-- ENTRIES PROVIDED follows --

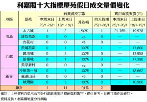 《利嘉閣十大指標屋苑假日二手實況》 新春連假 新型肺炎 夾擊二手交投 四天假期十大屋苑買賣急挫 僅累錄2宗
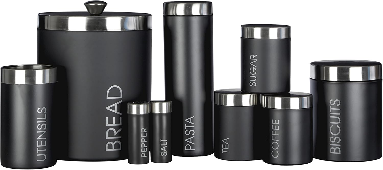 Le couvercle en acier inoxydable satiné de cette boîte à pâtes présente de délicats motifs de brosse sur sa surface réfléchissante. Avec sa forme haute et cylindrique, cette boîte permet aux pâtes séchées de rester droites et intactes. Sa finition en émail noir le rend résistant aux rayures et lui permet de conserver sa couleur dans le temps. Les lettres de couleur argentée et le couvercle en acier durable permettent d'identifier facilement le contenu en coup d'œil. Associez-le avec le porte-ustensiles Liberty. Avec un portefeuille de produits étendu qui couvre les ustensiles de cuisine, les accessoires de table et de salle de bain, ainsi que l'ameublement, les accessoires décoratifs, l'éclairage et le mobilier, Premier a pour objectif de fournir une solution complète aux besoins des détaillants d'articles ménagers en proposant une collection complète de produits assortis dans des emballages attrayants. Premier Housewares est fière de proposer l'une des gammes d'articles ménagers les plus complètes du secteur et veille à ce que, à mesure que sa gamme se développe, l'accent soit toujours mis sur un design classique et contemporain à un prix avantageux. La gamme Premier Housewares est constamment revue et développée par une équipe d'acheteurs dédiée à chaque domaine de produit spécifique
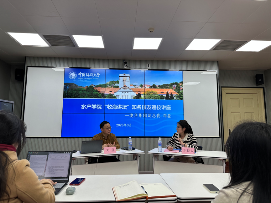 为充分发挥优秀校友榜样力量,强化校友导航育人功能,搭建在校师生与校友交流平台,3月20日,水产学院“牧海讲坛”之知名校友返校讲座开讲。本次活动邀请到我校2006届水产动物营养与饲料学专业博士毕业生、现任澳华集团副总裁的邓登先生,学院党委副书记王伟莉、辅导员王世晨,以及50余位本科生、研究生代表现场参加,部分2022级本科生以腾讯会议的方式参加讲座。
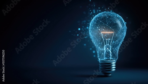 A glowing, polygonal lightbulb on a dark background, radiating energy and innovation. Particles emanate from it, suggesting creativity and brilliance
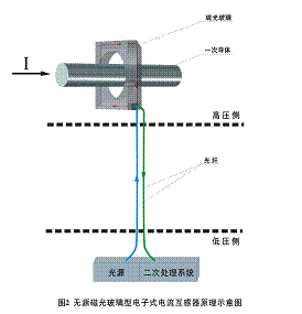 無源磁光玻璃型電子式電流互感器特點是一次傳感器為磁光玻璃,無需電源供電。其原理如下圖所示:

-- ENTRIES PROVIDED concluded --
-- ENTRIES PROVIDED follows --

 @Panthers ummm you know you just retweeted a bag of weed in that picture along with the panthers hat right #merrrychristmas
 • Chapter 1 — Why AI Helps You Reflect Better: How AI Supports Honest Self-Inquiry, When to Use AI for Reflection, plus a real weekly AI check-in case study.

-- ENTRIES PROVIDED concluded --

WHAT THIS TASK INVOLVES – Once the line with "夾擊二手交投 四天假期十大屋苑買賣急挫 僅累錄2宗" is found in the data above, reproduce it and each line after it exactly, through the line with "無源磁光玻璃型電子式電流互感". Omit the pictures.

EXPECTED OUTPUT –
 《利嘉閣十大指標屋苑假日二手實況》 新春連假 新型肺炎 夾擊二手交投 四天假期十大屋苑買賣急挫 僅累錄2宗
 Le couvercle en acier inoxydable satiné de cette boîte à pâtes présente de délicats motifs de brosse sur sa surface réfléchissante. Avec sa forme haute et cylindrique, cette boîte permet aux pâtes séchées de rester droites et intactes. Sa finition en émail noir le rend résistant aux rayures et lui permet de conserver sa couleur dans le temps. Les lettres de couleur argentée et le couvercle en acier durable permettent d'identifier facilement le contenu en coup d'œil. Associez-le avec le porte-ustensiles Liberty. Avec un portefeuille de produits étendu qui couvre les ustensiles de cuisine, les accessoires de table et de salle de bain, ainsi que l'ameublement, les accessoires décoratifs, l'éclairage et le mobilier, Premier a pour objectif de fournir une solution complète aux besoins des détaillants d'articles ménagers en proposant une collection complète de produits assortis dans des emballages attrayants. Premier Housewares est fière de proposer l'une des gammes d'articles ménagers les plus complètes du secteur et veille à ce que, à mesure que sa gamme se développe, l'accent soit toujours mis sur un design classique et contemporain à un prix avantageux. La gamme Premier Housewares est constamment revue et développée par une équipe d'acheteurs dédiée à chaque domaine de produit spécifique
 为充分发挥优秀校友榜样力量,强化校友导航育人功能,搭建在校师生与校友交流平台,3月20日,水产学院“牧海讲坛”之知名校友返校讲座开讲。本次活动邀请到我校2006届水产动物营养与饲料学专业博士毕业生、现任澳华集团副总裁的邓登先生,学院党委副书记王伟莉、辅导员王世晨,以及50余位本科生、研究生代表现场参加,部分2022级本科生以腾讯会议的方式参加讲座。
 A glowing, polygonal lightbulb on a dark background, radiating energy and innovation. Particles emanate from it, suggesting creativity and brilliance
 無源磁光玻璃型電子式電流互感器特點是一次傳感器為磁光玻璃,無需電源供電。其原理如下圖所示:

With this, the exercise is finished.